[What the task requires] Extract the lines beginning at the one that holds "讲座由通识教育学院副院长陈晓" and ending at the final line of the material below, keeping them exact and leaving out all pictures.

[Information shown]
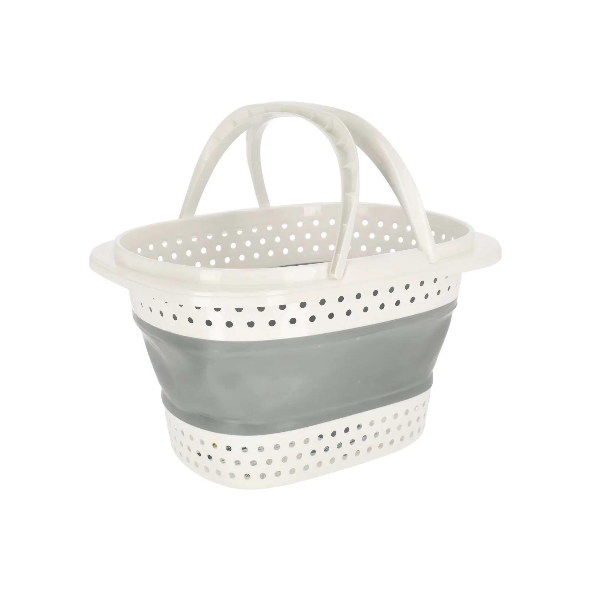 Deze opvouwbare wasmand is gemaakt van kunststof en heeft flexibele wanden. Dankzij het inklapbare ontwerp neemt de wasmand weinig ruimte in wanneer hij niet wordt gebruikt. De handgrepen maken het dragen van wasgoed eenvoudig en de open structuur zorgt voor ventilatie. Geschikt voor gebruik in de badkamer, wasruimte of slaapkamer.
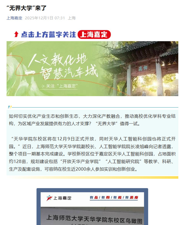 据介绍,校方已联合嘉定工业区,探索校地合作的创新联合体。新校区及产业园将重点打造AI与机器人产业集聚高地,成为嘉定北部特色产业节点;探索“校中厂、厂中校、项目即课程”等新模式,形成可推广的应用型本科范式;依托学院资源,培养工程师与技师型人才,成为嘉定工业区及周边园区的技术服务中心与创新资源平台。
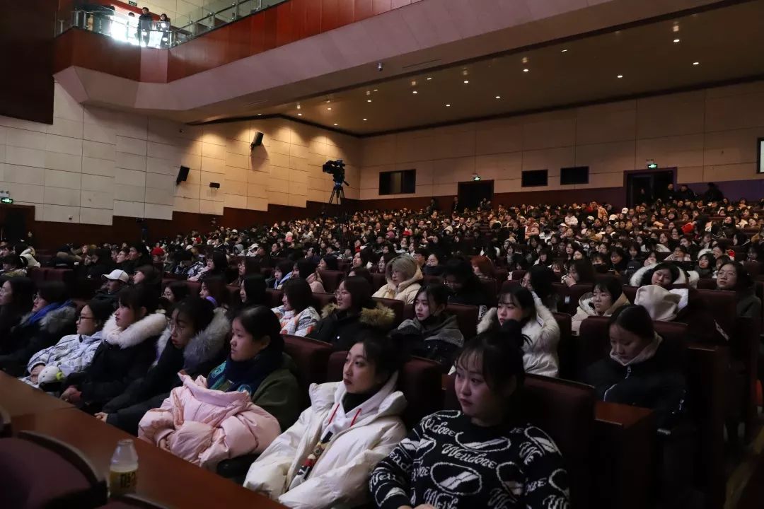 讲座由通识教育学院副院长陈晓霞主持,awc777万象城娱乐官网党委书记、督导专员张炬,副董事长、副校长刘欣,董事会董事张砚为,董事会监事、人力中心资源开发与管理主任许小多,学工部副部长金鑫,图书馆、档案馆馆长海涛,企划与品牌推广中心副主任陈珍,各学院各部门及产业公司的教授代表及全校600多名学生出席了本次讲座。
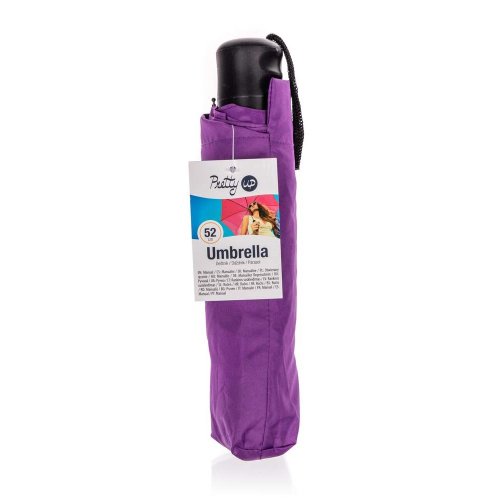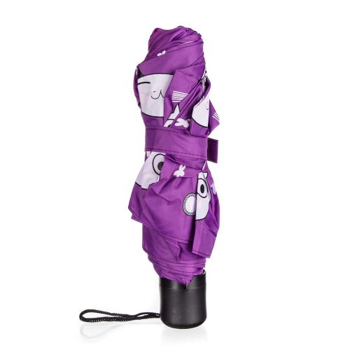 Skladací dáždnik vo fialovej farbe s mačičkami, slúži na ochranu proti dažďu a priamemu slnku. Je vyrobený z nepremokavého materiálu polyester. Pri namočení mení farbu obrázkov.

[Output for this task]
 讲座由通识教育学院副院长陈晓霞主持,awc777万象城娱乐官网党委书记、督导专员张炬,副董事长、副校长刘欣,董事会董事张砚为,董事会监事、人力中心资源开发与管理主任许小多,学工部副部长金鑫,图书馆、档案馆馆长海涛,企划与品牌推广中心副主任陈珍,各学院各部门及产业公司的教授代表及全校600多名学生出席了本次讲座。
 Skladací dáždnik vo fialovej farbe s mačičkami, slúži na ochranu proti dažďu a priamemu slnku. Je vyrobený z nepremokavého materiálu polyester. Pri namočení mení farbu obrázkov.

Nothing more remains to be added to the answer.